Tutte le immagini contenute in questo articolo, lì dove specificato, sono state prese dai link segnalati e/o dal web per puro scopo divulgativo, tutte le altre sono soggette a copyright © Barbara Bonomi Romagnoli Felicemente senza figli. E allora? Pubblicato l’08/03/2019 su La27esima ora – Corriere della Sera La mia città natale si chiama Willows, nel Wisconsin ma non vi venga in mente di andare a visitare la mia casa natale perché Willows è una città che non esiste. Tutta finzione e frutto dell’immaginazione di quei matti di casa Mattel. Io Barbara,
parlo 50 lingue, ho fatto un centinaio di mestieri ma non sono laureata e neanche sposata. Ken, il mio compagno da una vita avrebbe voluto sposarmi e avere qualche figlio da me ma io mi sono sempre negata. Non ci crederete, ma ci sono donne, non solo bambole, che non hanno voluto figlie e figli, non per questo vogliono essere considerate femmine di serie B. Alcune son state famose, geniali, coraggiose; altre hanno animato la mitologia e le religioni di un mondo scritto e pensato a immagine e somiglianza degli uomini. Arrivano da epoche diverse o epiche lontane e sono le protagoniste di Monologhi impossibili. Le esclusive rivelazioni di 35 mitiche lunàdigas, libro a cura di Carlo A. Borghi, che fa parte del progetto molto più ampio dal curioso titolo Lunàdigas , ideato da Marilisa Piga e Nicoletta Nesler per dare voce alle donne che scelgono di non avere figli. La parola lunàdigas viene dalla lingua sarda ed è usata dai pastori per definire le pecore che in certe stagioni non si riproducono: le autrici e registe l’hanno scelta come titolo del loro lavoro in mancanza di un termine altrettanto incisivo nella lingua italiana. Dopo il webdoc del 2015 e il film del 2016, Piga e Nesler hanno pensato ad un testo scritto in forma di brevi racconti ma anche ad un “archivio vivo” online in continuo aggiornamento. Dalla mitica Lillith a Gertrude Stein; da Hélène Kuraghina a Giovanna D’arco, passando per Ava Gardner e Ipazia di Alessandria; da Frida Kahlo, Vittoria Colonna a Rosa Luxemburg e la Monaca di Monza ideata da Manzoni: tutte raccontano la loro storia in prima persona, con lingue puntute e senza giri di parole, in monologhi immaginari e forse anche utopistici. Una cosa di sicuro non ho fatto nel corso della mia vita: i figli. Ecco, sì… figli niente proprio niente e non c’è mai stato neanche un momento in cui ho pensato all’eventualità della maternità. Voi, vi chiederete perché. Molti diranno che è andata così per il fatto che ero un tipo algido e glaciale, come un igloo o un iceberg. I figli, non li ho voluti perché i
miei fianchi mi sono sempre sembrati troppo stretti per accogliere tutta quella storia uterina e poi spingerla fuori.
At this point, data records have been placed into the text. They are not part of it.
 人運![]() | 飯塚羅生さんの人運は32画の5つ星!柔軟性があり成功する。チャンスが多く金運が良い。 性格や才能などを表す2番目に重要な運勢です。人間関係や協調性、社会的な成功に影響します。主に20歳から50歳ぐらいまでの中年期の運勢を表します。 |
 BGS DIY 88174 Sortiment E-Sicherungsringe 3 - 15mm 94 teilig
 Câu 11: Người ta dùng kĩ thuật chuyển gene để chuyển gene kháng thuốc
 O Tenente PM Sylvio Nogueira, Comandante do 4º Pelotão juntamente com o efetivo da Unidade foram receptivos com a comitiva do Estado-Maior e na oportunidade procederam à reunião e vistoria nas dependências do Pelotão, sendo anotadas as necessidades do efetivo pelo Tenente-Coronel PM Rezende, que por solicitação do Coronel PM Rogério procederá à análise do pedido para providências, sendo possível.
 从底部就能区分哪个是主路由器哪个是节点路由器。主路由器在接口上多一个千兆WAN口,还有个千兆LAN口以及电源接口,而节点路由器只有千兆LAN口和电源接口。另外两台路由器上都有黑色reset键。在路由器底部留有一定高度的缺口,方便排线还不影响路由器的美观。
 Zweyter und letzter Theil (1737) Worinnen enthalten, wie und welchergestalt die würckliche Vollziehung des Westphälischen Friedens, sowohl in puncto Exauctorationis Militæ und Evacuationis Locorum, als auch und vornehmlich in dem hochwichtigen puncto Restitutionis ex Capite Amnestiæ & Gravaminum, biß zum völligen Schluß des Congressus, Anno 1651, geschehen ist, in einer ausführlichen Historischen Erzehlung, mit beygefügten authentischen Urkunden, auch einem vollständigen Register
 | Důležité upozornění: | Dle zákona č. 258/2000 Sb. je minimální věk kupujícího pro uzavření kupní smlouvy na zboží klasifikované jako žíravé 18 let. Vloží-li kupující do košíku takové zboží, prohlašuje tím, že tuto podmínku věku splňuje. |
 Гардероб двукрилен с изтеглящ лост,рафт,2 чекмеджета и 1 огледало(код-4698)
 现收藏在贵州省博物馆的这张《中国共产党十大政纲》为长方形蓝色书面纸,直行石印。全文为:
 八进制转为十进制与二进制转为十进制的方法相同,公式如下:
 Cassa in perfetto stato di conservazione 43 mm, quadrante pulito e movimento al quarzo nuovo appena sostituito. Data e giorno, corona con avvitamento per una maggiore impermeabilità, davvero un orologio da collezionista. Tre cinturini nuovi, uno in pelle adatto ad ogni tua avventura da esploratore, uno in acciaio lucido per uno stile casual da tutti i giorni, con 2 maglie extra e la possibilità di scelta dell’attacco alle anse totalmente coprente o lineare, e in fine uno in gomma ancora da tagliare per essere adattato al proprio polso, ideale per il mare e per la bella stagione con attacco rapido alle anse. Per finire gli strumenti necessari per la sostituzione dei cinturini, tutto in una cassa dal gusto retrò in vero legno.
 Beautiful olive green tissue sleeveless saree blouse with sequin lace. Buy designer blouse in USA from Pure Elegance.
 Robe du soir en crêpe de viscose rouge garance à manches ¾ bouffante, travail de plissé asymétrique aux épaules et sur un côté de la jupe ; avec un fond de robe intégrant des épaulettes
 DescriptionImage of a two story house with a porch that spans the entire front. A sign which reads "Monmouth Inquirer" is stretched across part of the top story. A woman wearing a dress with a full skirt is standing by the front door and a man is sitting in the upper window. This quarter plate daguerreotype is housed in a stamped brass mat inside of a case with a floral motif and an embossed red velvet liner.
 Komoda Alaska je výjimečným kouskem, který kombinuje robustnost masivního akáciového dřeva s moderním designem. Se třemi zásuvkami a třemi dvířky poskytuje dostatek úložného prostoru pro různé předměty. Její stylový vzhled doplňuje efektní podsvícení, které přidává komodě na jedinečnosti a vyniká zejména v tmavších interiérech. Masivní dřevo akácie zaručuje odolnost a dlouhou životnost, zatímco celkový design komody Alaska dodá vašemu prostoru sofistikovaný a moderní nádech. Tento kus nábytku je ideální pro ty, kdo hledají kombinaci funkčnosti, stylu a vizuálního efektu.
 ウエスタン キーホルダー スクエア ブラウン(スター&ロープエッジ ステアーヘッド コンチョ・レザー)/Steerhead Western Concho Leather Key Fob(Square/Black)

Fianchi stretti come un fiordo. [Greta Garbo] Chissà tutte loro cosa avrebbero detto oggi, in questo 8 marzo 2019, quando accanto alla tradizionale retorica sulla donna con la D maiuscola assistiamo a un nuovo e potente ritorno del modello della maternità come destino indicato per il genere femminile. La ministra Grillo ha pensato bene di organizzare un convegno dal titolo “La scelta di essere mamma” e di invitare solo quattro donne a parlare d’infertilità e dintorni, a ribadire che il corpo è quello delle donne ma ne discutono i maschi. Il ministro Fontana, alla vigilia del congresso mondiale delle famiglie di stampo conservatore e confessionale che si terrà a Verona a fine marzo, parte per New York per partecipare alla Commissione delle Nazioni Unite sullo status delle donne . Non crediamo (viste le sue precedenti affermazioni) per sostenere la libera scelta delle donne. E non c’è dubbio che l’autodeterminazione passa anche per una presa di parola delle tante, sempre di più donne, che non vogliono essere madri o che non si disperano per la loro mancata maternità. Rivendicano il loro essere zie felici e progetti come Lunàdigas restituiscono la complessità e la ricchezza delle vite che accompagnano ogni singola scelta. (articolo Pubblicato su La27ora/Corriere della Sera)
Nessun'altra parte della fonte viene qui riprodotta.